See the Immi.gov.au website for detailed information about the visa requirements and forms needed.



RC10 said:


> hello,
> 
> i am a personal trainer here in canada, i have been in contact with a studio on australia that is willing to hire me, i am wondering what the process is for me to get the proper visas and relocate?
> 
> ...


----------



## Weebie (Sep 16, 2009)

If your under 30 just apply for your Working Holiday Visa and head down. If your over 30 I doubt the Australian Government is going to grant a skilled visa to an industry which is the most oversaturated job market in the country.


----------



## Dolly (Feb 17, 2008)

I'm not sure if Personal Trainer is on the SOL. Have you checked? If it's not, then the WHV would give you up to 2 years working here but then you'd have to leave.
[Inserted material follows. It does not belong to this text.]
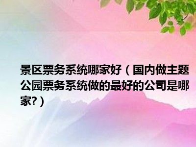 相信目前很多小伙伴对于国内做主题公园票务系统做的最好的公司是哪家?都比较感兴趣,那么小编今天在网上也是收集了一些与国内做主题公园票
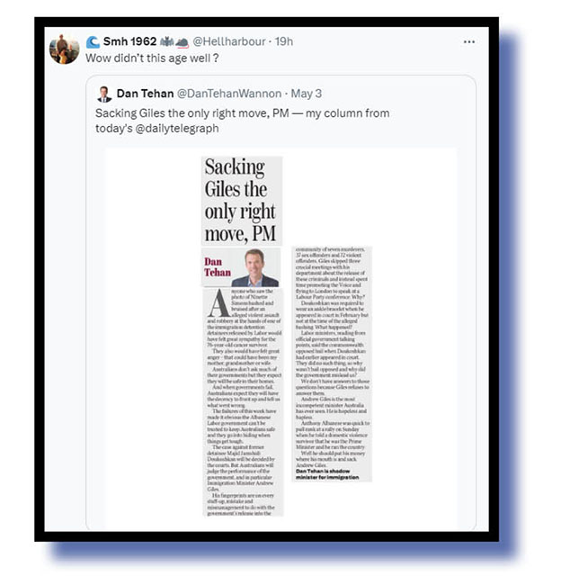 And amante2 had some wise words of advice for that endangered WA screeching parrot species Michaelia Cash and Smh 1962 poked fun at a Dan Tehan article that called for Labor heads to roll!

If your occupation isn't on that list, basically you won't be able to live/work here permanently.

Dolly


----------



## Veeky (Sep 29, 2010)

I am agree with Dolly,and you just follow what Dolly said your problem is solved at some extent atleast for two years.
I have very little knowledge about this,but I will let you know the solution very soon.

Good Luck!!!!!!


----------



## sanjay midda (Mar 14, 2016)

hello I'm personal trainer/model/actor in india . i want to shift in Australia as a fitness trainer on work base /pr base so what is the process for me to get a proper legal visa ? 
thank you
- sanjay midda


----------